→ TASK BRIEF
A verbatim reproduction of the lines below, from the line containing "앞서 면만 비볐을 때는 매운 스프가 여유있었지만 이번에는 남지 않습니다." through the line containing "Ткань: хлопковое, трикотажное", both ends included, is the whole required output.

→ DATASET RECORDS
+---+

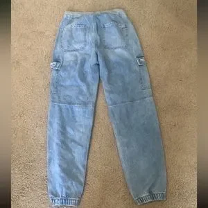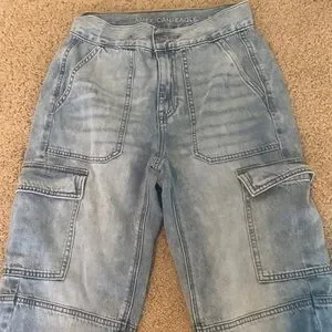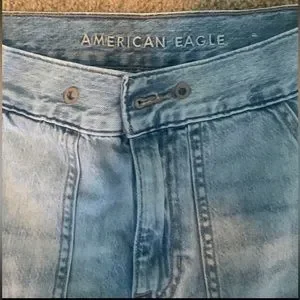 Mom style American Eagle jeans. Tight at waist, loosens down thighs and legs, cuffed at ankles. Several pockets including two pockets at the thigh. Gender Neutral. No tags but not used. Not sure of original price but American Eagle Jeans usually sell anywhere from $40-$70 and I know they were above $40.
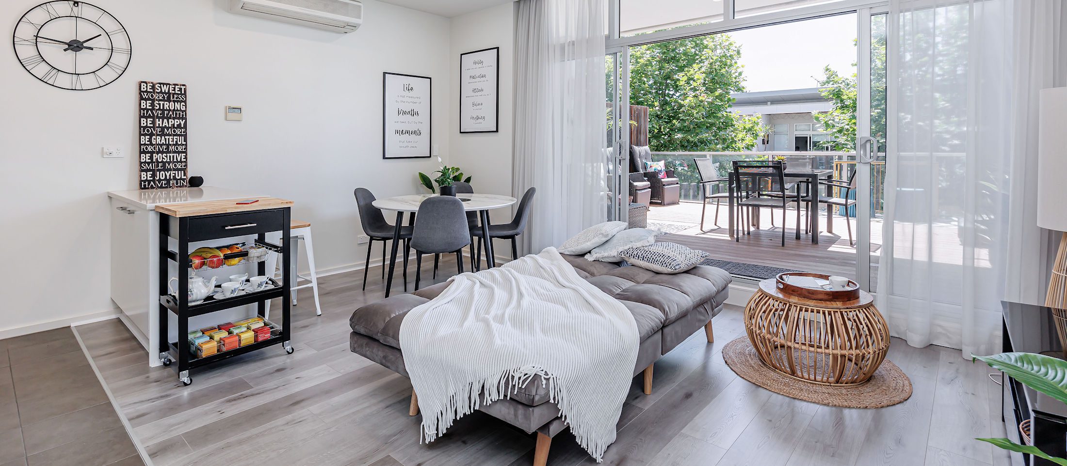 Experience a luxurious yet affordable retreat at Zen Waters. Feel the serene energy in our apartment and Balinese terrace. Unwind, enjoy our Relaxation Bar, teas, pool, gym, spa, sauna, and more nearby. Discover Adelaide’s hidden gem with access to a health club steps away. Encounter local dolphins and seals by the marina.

+---+

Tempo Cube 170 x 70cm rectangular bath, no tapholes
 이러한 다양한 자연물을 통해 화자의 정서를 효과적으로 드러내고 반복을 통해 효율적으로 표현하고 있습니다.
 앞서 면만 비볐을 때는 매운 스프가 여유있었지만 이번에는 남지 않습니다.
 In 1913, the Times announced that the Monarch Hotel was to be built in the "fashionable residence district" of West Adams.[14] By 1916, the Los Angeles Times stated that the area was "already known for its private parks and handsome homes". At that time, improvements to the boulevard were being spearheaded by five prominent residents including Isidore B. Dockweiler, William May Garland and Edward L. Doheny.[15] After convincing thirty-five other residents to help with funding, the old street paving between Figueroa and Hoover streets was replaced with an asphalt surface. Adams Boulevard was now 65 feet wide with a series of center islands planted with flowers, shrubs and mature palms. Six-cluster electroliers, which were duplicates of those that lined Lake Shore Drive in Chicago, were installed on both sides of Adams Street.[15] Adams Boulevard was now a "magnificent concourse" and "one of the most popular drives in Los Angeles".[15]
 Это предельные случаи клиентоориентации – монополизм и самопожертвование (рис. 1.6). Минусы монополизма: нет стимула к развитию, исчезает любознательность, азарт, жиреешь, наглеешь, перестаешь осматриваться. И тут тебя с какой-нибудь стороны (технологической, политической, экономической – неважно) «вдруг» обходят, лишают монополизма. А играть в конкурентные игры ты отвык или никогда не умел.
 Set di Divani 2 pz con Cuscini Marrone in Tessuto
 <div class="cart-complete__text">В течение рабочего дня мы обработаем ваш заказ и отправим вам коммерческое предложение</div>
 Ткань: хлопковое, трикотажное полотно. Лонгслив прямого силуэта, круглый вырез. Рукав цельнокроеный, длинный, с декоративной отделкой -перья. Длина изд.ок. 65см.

+---+

→ SOLUTION BELOW
 앞서 면만 비볐을 때는 매운 스프가 여유있었지만 이번에는 남지 않습니다.
 In 1913, the Times announced that the Monarch Hotel was to be built in the "fashionable residence district" of West Adams.[14] By 1916, the Los Angeles Times stated that the area was "already known for its private parks and handsome homes". At that time, improvements to the boulevard were being spearheaded by five prominent residents including Isidore B. Dockweiler, William May Garland and Edward L. Doheny.[15] After convincing thirty-five other residents to help with funding, the old street paving between Figueroa and Hoover streets was replaced with an asphalt surface. Adams Boulevard was now 65 feet wide with a series of center islands planted with flowers, shrubs and mature palms. Six-cluster electroliers, which were duplicates of those that lined Lake Shore Drive in Chicago, were installed on both sides of Adams Street.[15] Adams Boulevard was now a "magnificent concourse" and "one of the most popular drives in Los Angeles".[15]
 Это предельные случаи клиентоориентации – монополизм и самопожертвование (рис. 1.6). Минусы монополизма: нет стимула к развитию, исчезает любознательность, азарт, жиреешь, наглеешь, перестаешь осматриваться. И тут тебя с какой-нибудь стороны (технологической, политической, экономической – неважно) «вдруг» обходят, лишают монополизма. А играть в конкурентные игры ты отвык или никогда не умел.
 Set di Divani 2 pz con Cuscini Marrone in Tessuto
 <div class="cart-complete__text">В течение рабочего дня мы обработаем ваш заказ и отправим вам коммерческое предложение</div>
 Ткань: хлопковое, трикотажное полотно. Лонгслив прямого силуэта, круглый вырез. Рукав цельнокроеный, длинный, с декоративной отделкой -перья. Длина изд.ок. 65см.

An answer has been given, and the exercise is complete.